セカンドキスは蜂蜜の味

「紀平、大体お前はなんなんだ飯を食いに来てるのか?旨そうだな、ちょっと俺にも寄越せ」


おお、わりとまともな突っ込みと思いきやお前も食うのかよ。
嫌ですよと言いたげな顔をしてケーキを庇う紀平さんとなんだよいいだろケチと唇を尖らせる店長というなんとも低レベルなやり取りに見てられないと痺れを切らした笹山は冷や汗を滲ませながら二人の仲裁に入る。


「店長、こっちに余りがありますので」


そう言って台所からケーキを乗せた皿を運んでくる笹山に相変わらずの仏頂面のまま「あぁ、悪いな」とだけ続ける店長は俺の向かい側の席に腰をかける。

ってお前も混ざるのかよ。

あまりにもナチュラルに混ざってくる店長に内心突っ込みを入れたとき、呆れた俺の視線をなにかよからぬものと受け取ったようだ。
フォークとナイフを遣い無駄に上品にケーキを一口サイズに切り揃えていた店長はふとこちらに目を向け、にやりと嫌な笑みを浮かべる。
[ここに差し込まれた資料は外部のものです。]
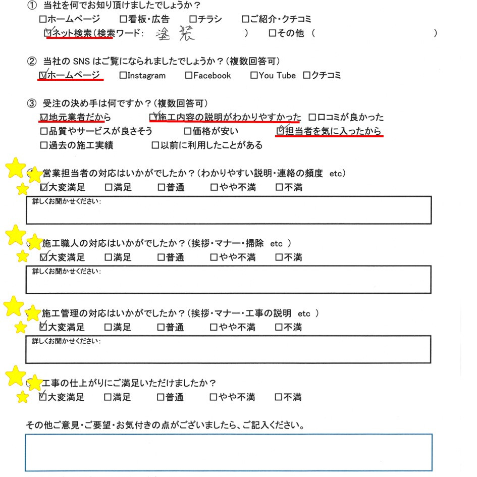 お客様にも大満足のアンケートをご記入頂きました!
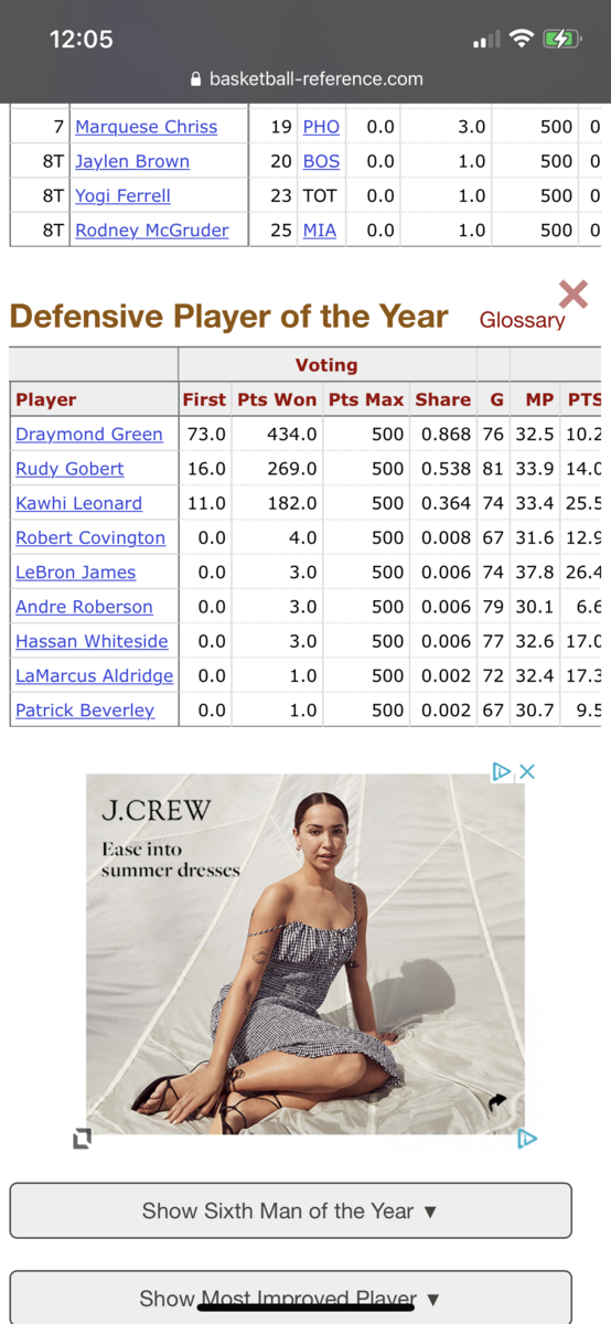 May 17, 20214 yr 6 hours ago, Bwestbrook36 said: I don't know, still don't think he should of been in. He was a great defender for 4-5 years and a good rebounder for 2 seasons. Just think you should.be great to elite for longer then that. 4x DPOY. If they had an offensive player of the year award and someone won that 4 times they’d be a shoe in. Greatest undrafted player of all time.

「どうした原田。お前も食いたいのか?なんなら俺があーんしてやろうか。ほら、その可愛い口を開け。捩じ込んでやる」

「遠慮します」

「原田さんは甘いものは嫌いなんですか?」


そう丁重にお断りすればどこかしょんぼりとした笹山が恐る恐る尋ねてくる。
やばい。つい店長相手だから突っぱねてしまったがよく考えてみれば作ったのは笹山だ。
傷付けてしまったのだろうか。
あまりにも不安げにこちらを伺う笹山に罪悪感で胸を締め付ける俺は内心テンパりつつ「や、別に嫌いじゃないけどさ……」となんとも歯切れの悪い返事を返してしまう。
うう、うまいことを言えない自分の口が憎たらしい。

そんな俺たちのやり取りを眺めていた紀平さんだったが、なにか思い付いたようだ。


「じゃあ俺のあげるよ」


言って、蜂蜜にまみれたそれを口に運ぶ紀平さん。
その言葉の意味がわからず、「へ?」とアホみたいな顔をして隣に腰をかける紀平さんを振り返ったときだった。

紀平さんが小さく腰を持ち上げ椅子の背凭れに手を回したかと思いきや、次の瞬間そのまま紀平さんの顔が近付いてくる。
反応する暇もなかった。
自然な動作で近付いた紀平さんはそのまま薄く開いた俺の唇に口付けをし、その隙間から一切れのケーキを捩じ込んだ。
口いっぱいに広がるのはクリームと蜂蜜の噎せ返るほどの甘ったるい味。

口移し。

そんな単語が脳裏を過った。


「蜂蜜ついてるよ、かなたん」


俺にケーキを食べさせた紀平さんはそのまま小さく唇を離したと思えば、そう言って唖然とする俺の唇を舐めとる。
紀平さんの舌についた金属の球体が唇に触れ、そこでようやく俺は自分がなにをされているのか気付いた。